American businessman and video game designer (born 1955)

Christopher Jones (born March 4, 1955) is a video game designer and producer, CEO, finance professional, and actor. He is best known for a series of interactive movies in which he stars as Tex Murphy, a private investigator who lives in San Francisco in the middle of the 21st century.

==Career==
Jones was a founding member of Access Software, along with Bruce Carver and his brother Roger Carver, and remained its CFO until it was sold to Microsoft in 1999.

At Access, Jones served as a finance executive. As the company's output turned toward more story-driven titles, he became more involved in writing, design, and production. He designed and wrote the point-and-click adventure games Amazon: Guardians of Eden and Countdown, and served as producer on various titles in the Links golf franchise.

Jones is best recognized by many gamers for the creation and portrayal of Tex Murphy in a series of adventure games, beginning with 1989's Mean Streets. Initially, this meant little more than posing for the games' cover art, digitized sprites and assorted still frames. As the series transitioned to full motion video with the third installment Under A Killing Moon, Jones' role became increasingly cinematic, acting alongside established Hollywood actors such as Brian Keith, Margot Kidder and Russell Means. In later games of the series he acted with John Agar, Kevin McCarthy, Barry Corbin, Tanya Roberts, Michael York, Henry Darrow, and June Lockhart.

After Access was re-christened Indie Built and sold to Take-Two Interactive, he was the company's Chief Financial Officer until its dissolution in 2006.
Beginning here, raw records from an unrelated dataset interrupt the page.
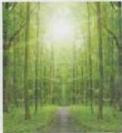
1 forest / city
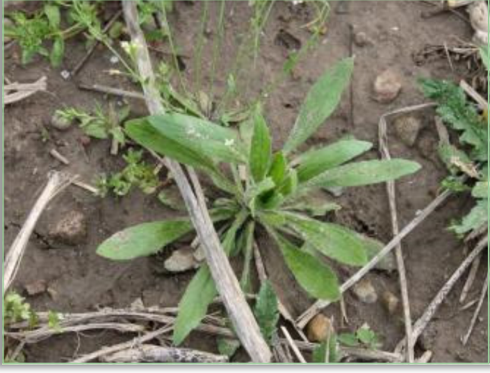
Horseweed (Marestail) (Conyza canadensis (L.) Cronq.)

source: Michigan State University, https:// www.canr.msu.edu/weeds/extension/marestailhorseweed
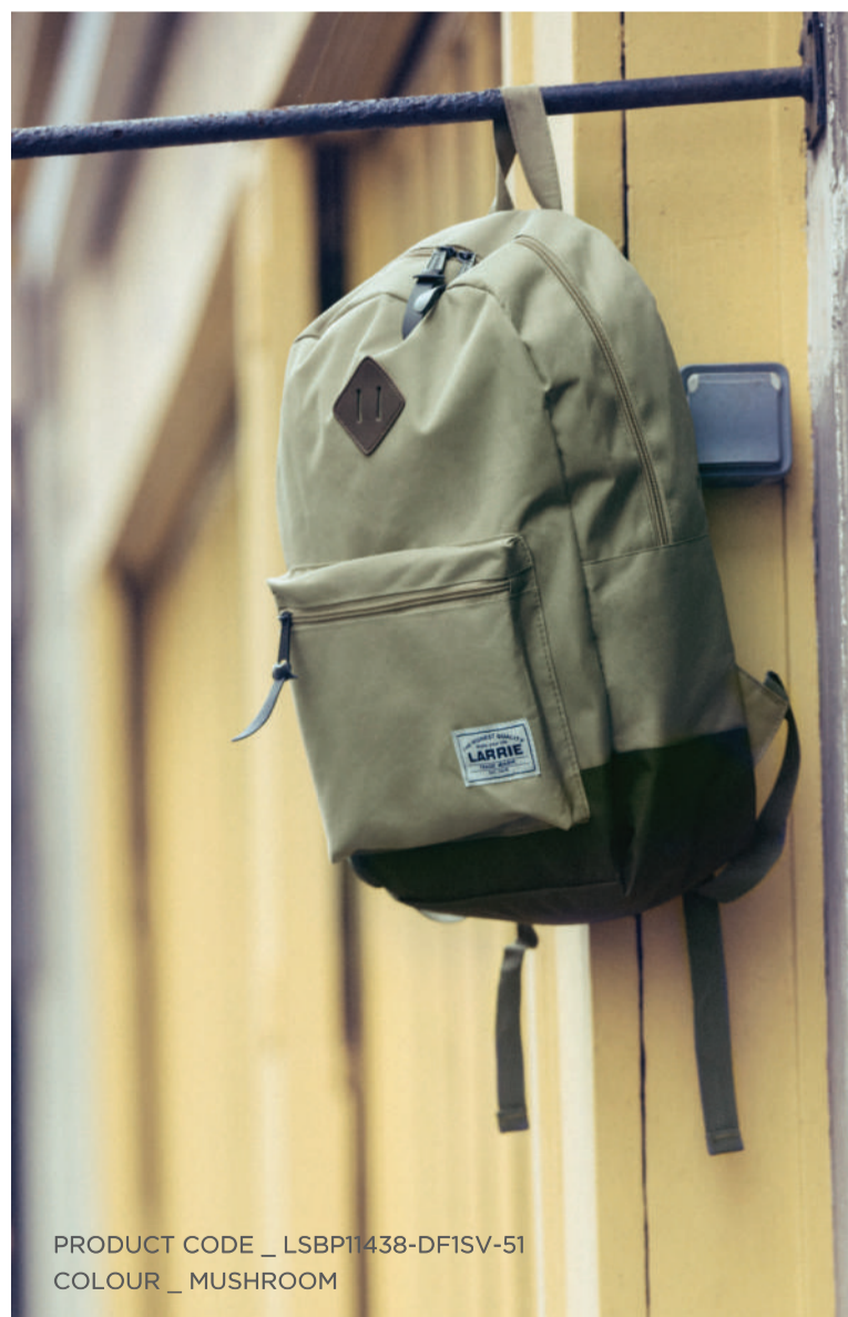
PRODUCT CODE _ LSBP11438-DF1SV-51 COLOUR _ MUSHROOM

Following the dissolution of Indie Built, the company's golf division was spun off into a new company, TruGolf, focusing on high-end golf simulators using real clubs. Jones serves as Finance Executive for TruGolf and, in 2007, founded Big Finish Games, which shares the same office. Big Finish Games initially aimed to bridge the gap between casual games and the traditional adventure game audience, by offering simple hidden object games with a heavy focus on story. Their first title, Three Cards to Midnight, was released in May 2009. Other Big Finish titles include Three Cards to Dead Time (2010), Murder Island: Secret of Tantalus (2011), Escape from Thunder Island (2011), and Rita James and the Race to Shangri La (2012).